На звонок никто не отвечал. Она уже собиралась положить трубку — даже обрадовалась, что никто не ответил, — когда вдруг услышала густой мужской голос. Голос так поразил ее знакомыми, хотя и подзабытыми нотками, что она растерянно бросила трубку.
Кэтрин поднялась с кресла и отошла от телефона. Боялась его сейчас, как живого существа. Прошлась по комнате раз, другой, очутилась в спальне, где стоял еще один аппарат, и села прямо на кровать, чего никогда раньше не сделала бы.
…Вечер над Тетеревом. Опьяняющие запахи скошенных трав. Тот же голос, только звонче и взволнованней. Они лежат на сене под высокой копной, и Андрей клянется в вечной любви. И хотя соловьи уже отпели свою свадебную песню и только где-то в заливе отчаянно квакают жабы, им обоим кажется, что все вокруг поет. Андрей целует ее пальцы, и в кончиках покалывают иголки, как зимой от холода; он целует руку, плечо, шею, и иголки покалывают сердце; она немеет, словно в обмороке, с холода попадает в зной, в жар, в огонь адский, в сладкий огонь, в котором вся сгорает и белым облачком поднимается в небо…
Кто знал, что через несколько дней начнется война, которая так изменит их судьбы! Сейчас, через много лет, это ей увиделось так выразительно, так ярко, словно произошло вчера. Очевидно, это была настоящая любовь. Она и в немецком плену, и в Англии не раз молилась за душу Андрея.
Миссис Томсон посмотрела на часы и решительно взяла телефонную трубку, совсем спокойно набрала нужный номер, но когда в трубке ответили, из памяти выпали слова, какими хотела начать разговор.
— Да чего вы, ей-богу, голову морочите, — раздался сердитый мужской голос.
Миссис Томсон осторожно положила трубку.
* * *
Разговор состоялся глубокой ночью. Миссис Томсон сказала:
— Мне нужен Андрей Гаврилович.
— Я вас слушаю, — ответил сонный, с недовольными нотками голос.
— Если разбудила, извините. Но у меня неотложное дело.
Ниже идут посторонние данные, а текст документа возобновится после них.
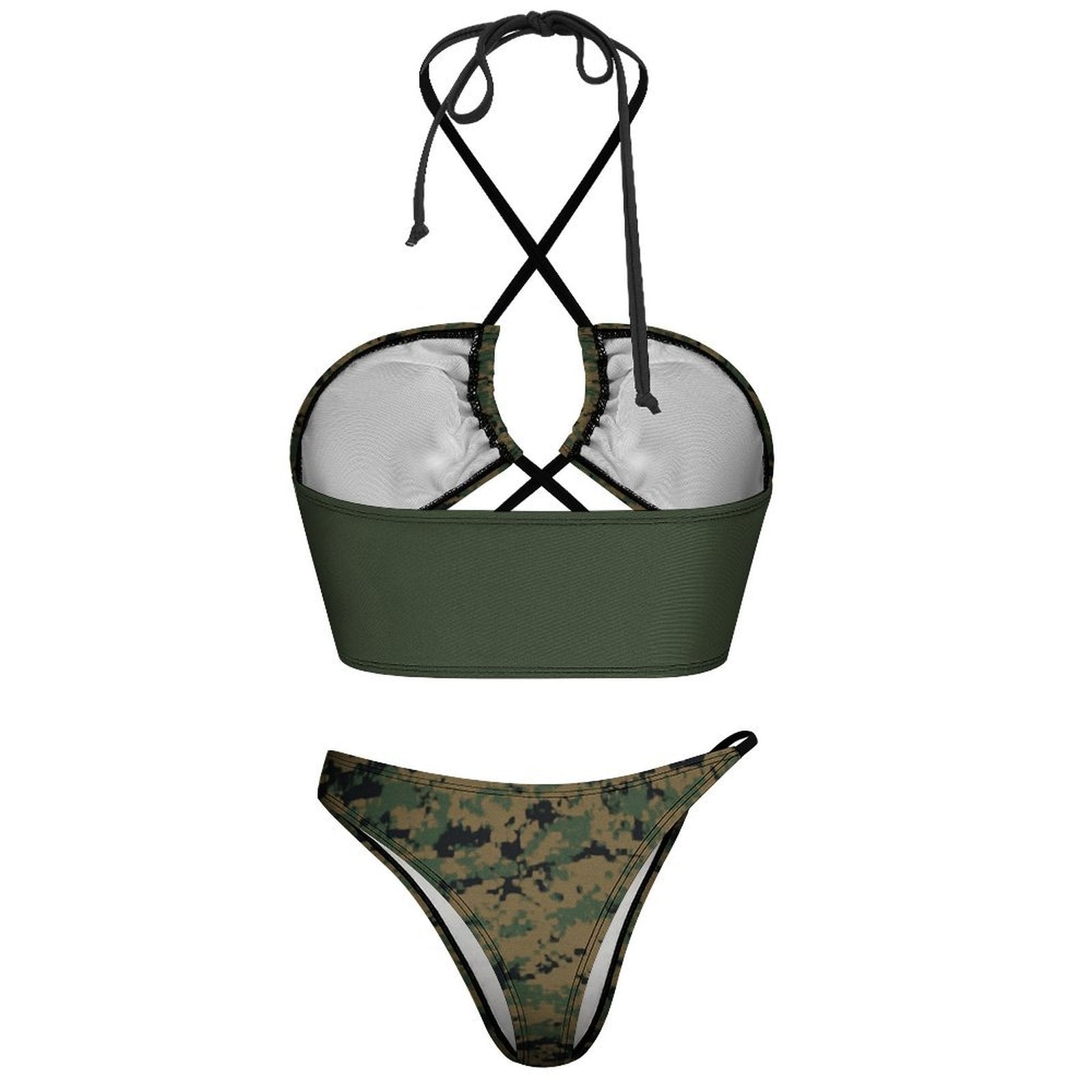 Thin Green Line Flag Inspired On Digital Camo Bikini Swimsuit (J197D59)

На том конце провода терпеливо ждали, только легкий шум дыхания долетал до слуха Кэтрин.
Пауза затянулась, кажется, слишком долго, потому что в трубке послышалось сердитое сопение. Миссис Томсон испугалась, что Андрей Гаврилович догадается, что это она целый вечер звонила, дергала его, и бросит трубку.
— Меня зовут Кэт Томсон. Я приехала сюда в гости из Англии… Правда, это имя вам ничего не скажет, но, может, вы помните другое — Катерина Притыка…
— Вы ошиблись номером.
— Не кладите трубку, — поспешно сказала Кэтрин. — Я хочу поговорить с вами. Надеюсь, не откажетесь встретиться с женщиной, которая хочет этой встречи, даже если вы не тот, за кого она вас принимает.
— Я не встречаюсь с незнакомыми женщинами.
— Вы не джентльмен.
— Я уже вышел из кавалерского возраста.
— Настоящий джентльмен остается джентльменом до последнего вздоха.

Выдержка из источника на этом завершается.